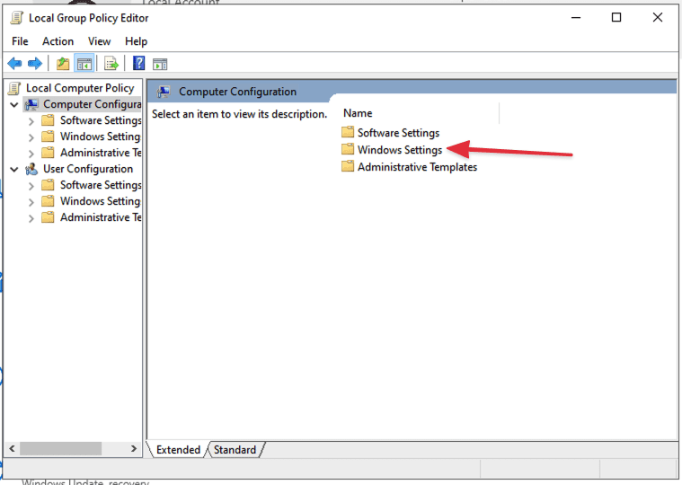 In “Computer Configuration”, select “Windows Settings”
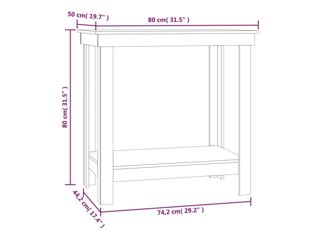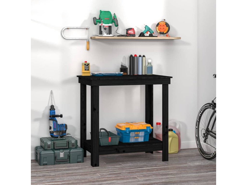 Dílenský stůl černý 80 x 50 x 80 cm masivní borovice 822500
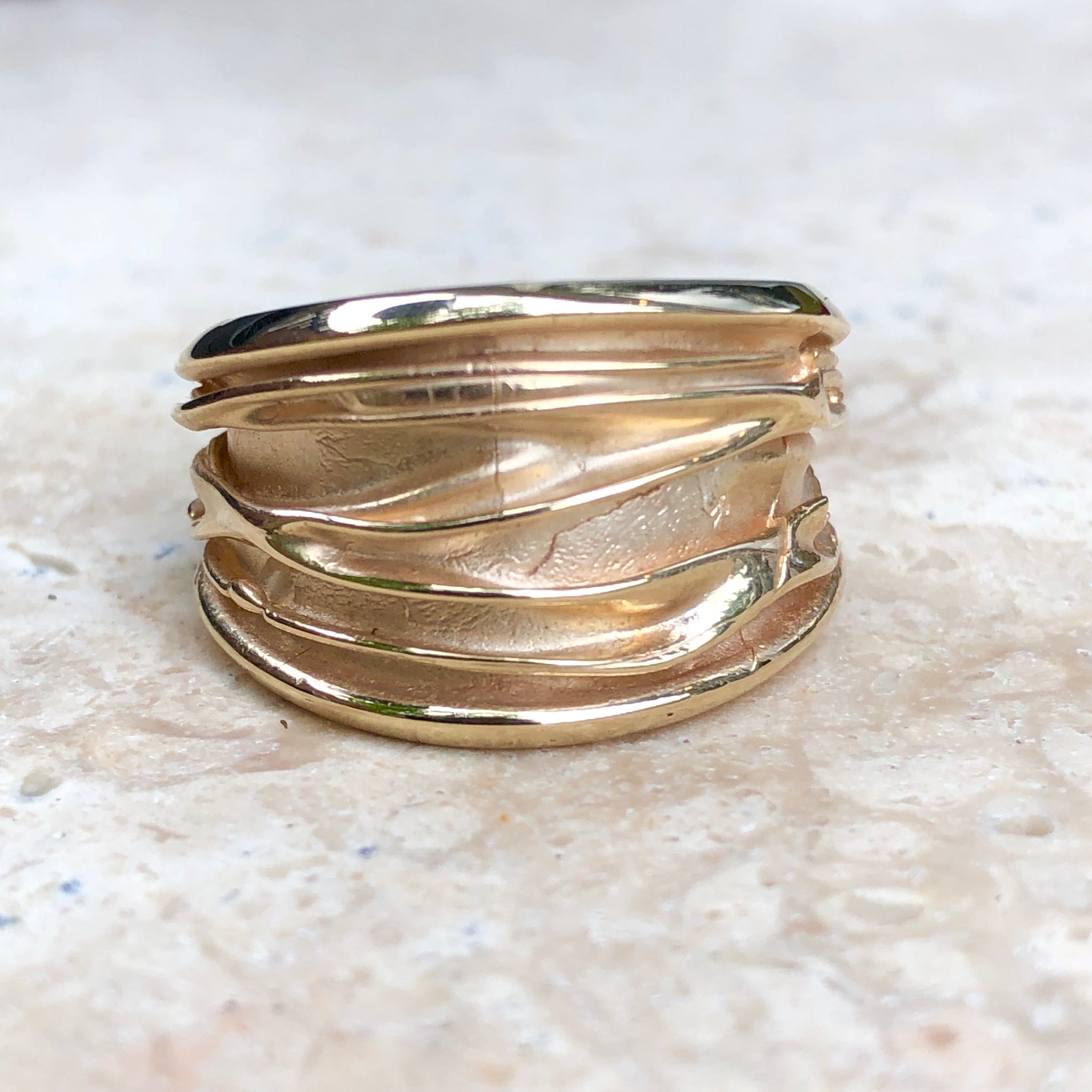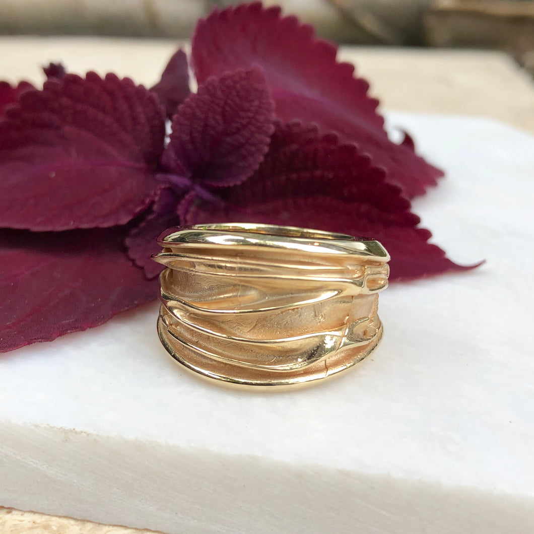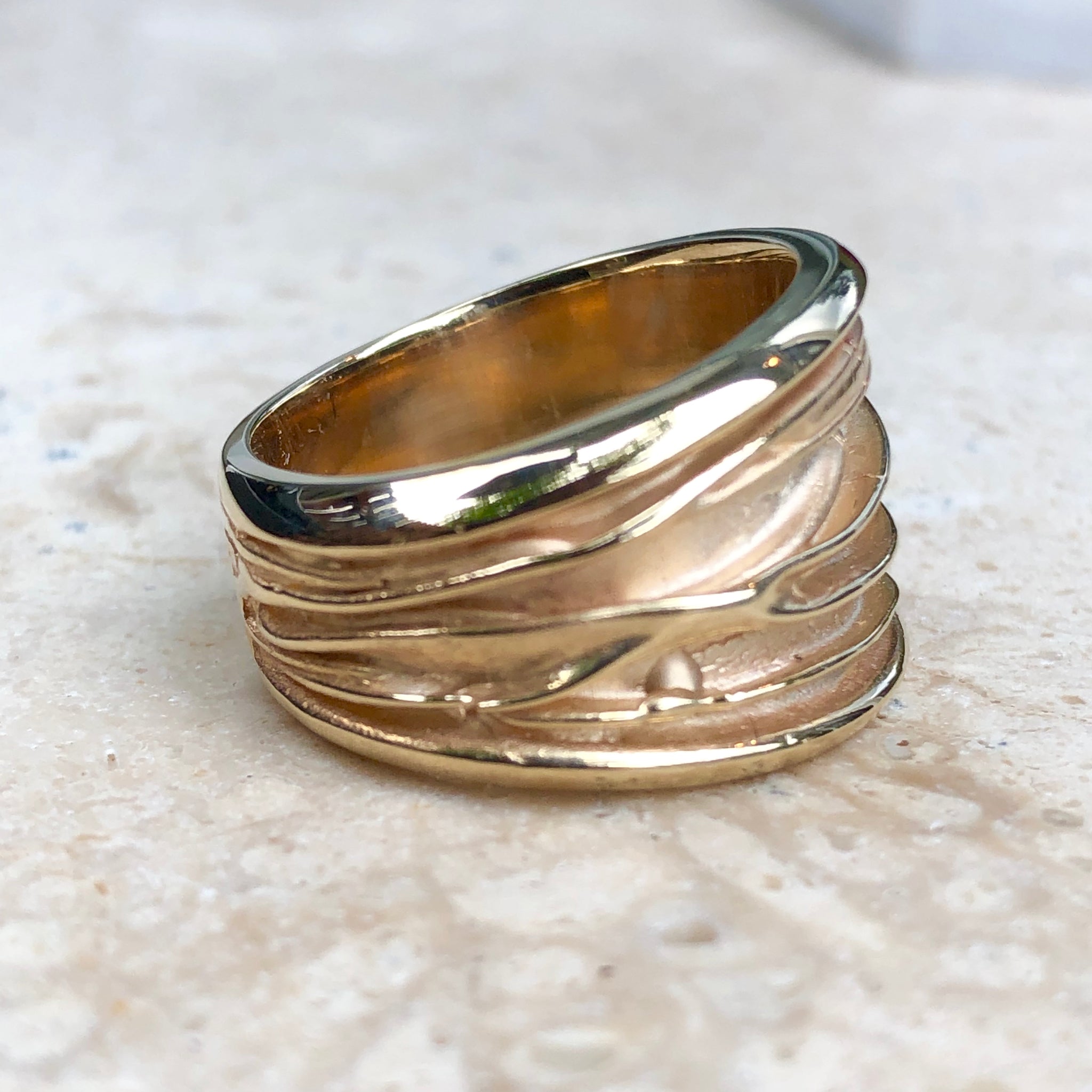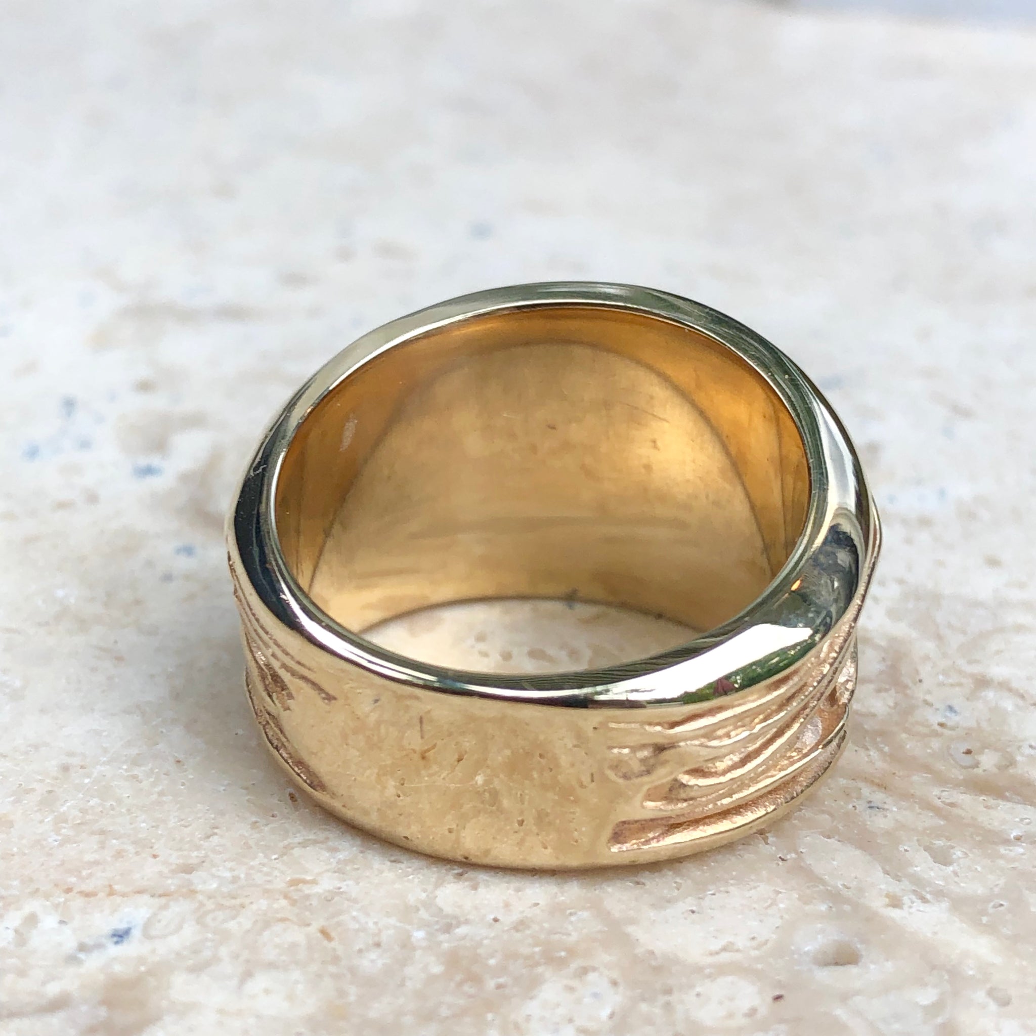 14KT Yellow Gold Wide Artistic Shiny Grooved Cigar Band Ring

*Task statement*: The whole listing, minus its images, should be repeated exactly.

*Task answer*:
 In “Computer Configuration”, select “Windows Settings”
 Dílenský stůl černý 80 x 50 x 80 cm masivní borovice 822500
 14KT Yellow Gold Wide Artistic Shiny Grooved Cigar Band Ring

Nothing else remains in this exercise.